Four girls (Jasmine, Georgia, Bree, Cierra) disappear in Tasmania's Great Western Tiers during a school camp. Because one of the teachers, Eliza Ellis, got conked on the head, it's believed something sinister happened to the girls. Jasmine's father, Murphy, becomes a prime suspect because he's the neighbourhood dope dealer.

Detective Con Badenhorst is brought into the investigation, and he is your standard detective haunted by a previous case. He battles his PTSD while trying to find out what happened to the girls. But he can't seem to get very far, due to both being bad at his job, and the whole town of Limestone Creek seemingly being in the thrall of Cierra's twin sister, Madison, a teenage YouTube superstar (I guess this was written before the advent of TikTok.) Seriously, this sociopathic bitch runs the town, and detectives can even get thrown off the case if they dare to challenge her in a YouTube video. Which is what you would think cops should be doing, you know, challenging witnesses. But nope, not in Limestone Creek! Things are done differently there, as we keep being told.

Anyway, I digress. (Sorry, I absolutely fucking hated Madison and couldn't understand why everyone was treating her with kid gloves when she was CONSTANTLY publicly undermining the investigation. Suspend her YouTube channel! Give the bitch a clip around the ears! SOMETHING! WHY ARE ALL THESE COPS LETTING A 16 YEAR OLD WALK ALL OVER THEM???

And I'm digressing again! If you can get past an entire police force letting a sociopathic 16 year old brat basically run the show, there is some stuff here to enjoy. Kyle Perry is a strong writer when it comes to creating a sense of time and place, and it's hard to believe he wasn't even yet 30 when he wrote this. The Bluffs is confidently written in that regard. But he doesn't have as much as a grasp on characterisation, or character motivations, and once again, I had trouble believing that any police force would let Madison get away with what she does here.

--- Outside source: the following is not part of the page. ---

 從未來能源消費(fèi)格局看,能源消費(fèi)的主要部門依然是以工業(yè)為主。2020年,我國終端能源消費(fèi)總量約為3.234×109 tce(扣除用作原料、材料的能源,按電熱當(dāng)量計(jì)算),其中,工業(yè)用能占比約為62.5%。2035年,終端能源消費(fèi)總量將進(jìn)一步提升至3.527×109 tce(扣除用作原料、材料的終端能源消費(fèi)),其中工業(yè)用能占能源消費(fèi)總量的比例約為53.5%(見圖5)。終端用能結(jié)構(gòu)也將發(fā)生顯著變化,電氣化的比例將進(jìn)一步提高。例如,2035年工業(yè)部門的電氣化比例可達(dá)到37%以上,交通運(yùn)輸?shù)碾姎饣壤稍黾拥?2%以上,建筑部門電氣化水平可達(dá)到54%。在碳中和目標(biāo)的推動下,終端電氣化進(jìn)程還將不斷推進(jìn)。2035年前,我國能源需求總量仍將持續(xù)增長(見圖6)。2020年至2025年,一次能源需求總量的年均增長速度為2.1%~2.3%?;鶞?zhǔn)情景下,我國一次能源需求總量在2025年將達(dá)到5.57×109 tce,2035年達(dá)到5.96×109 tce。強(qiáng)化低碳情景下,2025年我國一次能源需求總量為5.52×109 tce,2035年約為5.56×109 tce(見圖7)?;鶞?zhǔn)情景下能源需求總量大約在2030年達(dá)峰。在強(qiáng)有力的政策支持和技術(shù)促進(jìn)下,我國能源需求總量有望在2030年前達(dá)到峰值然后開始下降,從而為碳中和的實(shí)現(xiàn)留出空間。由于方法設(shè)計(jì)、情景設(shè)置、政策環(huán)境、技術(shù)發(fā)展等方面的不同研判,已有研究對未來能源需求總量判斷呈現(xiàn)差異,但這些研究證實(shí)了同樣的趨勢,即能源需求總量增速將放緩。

A large portion of the book involves Jasmine's father, Murphy, either going off on psychopathic rampages against people, and then crying. After about the 30th time he had confronted someone in a manic rage, I was just wanting the book to get a move on. There's also this thing where the whole town is instantly accusing Murphy of being a pedophile and practically carrying out vigilante group justice against him. It was like something out of The Simpsons!

(And what sort of drug dealer brands their product to make it instantly recognisable as coming from them?)

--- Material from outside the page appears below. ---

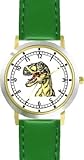 More Detail For Tyrannosaurus Rex T Rex Head Shot Dinosaur Animal WATCHBUDDY DELUXE TWO TONE THEME WATCH Arabic Numbers Green Leather Strap Children s Size Small Boy s Size Girl s Size

Similarly, the book just goes around in circles in regards to the investigation into the disappearances. Badenhorst never seems to make any progress, firstly because Madison is allowed to get away with bloody murder and hinder and compromise the investigation at will, and secondly, because he just doesn't seem all that cluey, forgetting to interview people and letting people get the jump on him. I got fed up frequently because the book felt like it was spinning its wheels and not going anywhere.

I also loathed the fact that
SpoilerMadison not only survives the book, but faces absolutely zero consequences for her actions, when she was basically encouraging her friends to kill themselves! What the fuck? She should be in jail!


Ultimately, this didn't work for me. Jane Harper has spearheaded some sort subgenre of Australian noir, where the setting of the book is a character in itself, but I need something more than pretty descriptions of the location to get me through a book. Such as well-rounded characters acting believably in a cohesive plot. This book seemed to take place in some 16-year-old girl's fan fiction view of the world, in which all the characters operate in ways that aren't credible because they're seemingly bizarrely terrified of crossing a spoiled teenager. It just didn't make sense.

Note: There are lots of references to a bunch of girls disappearing without a trace in 1985 and its links to an entity known as The Hungry Man (and Madison is obsessed with The Hungry Man), but this aspect is somewhat dropped, and there is no resolution to that storyline.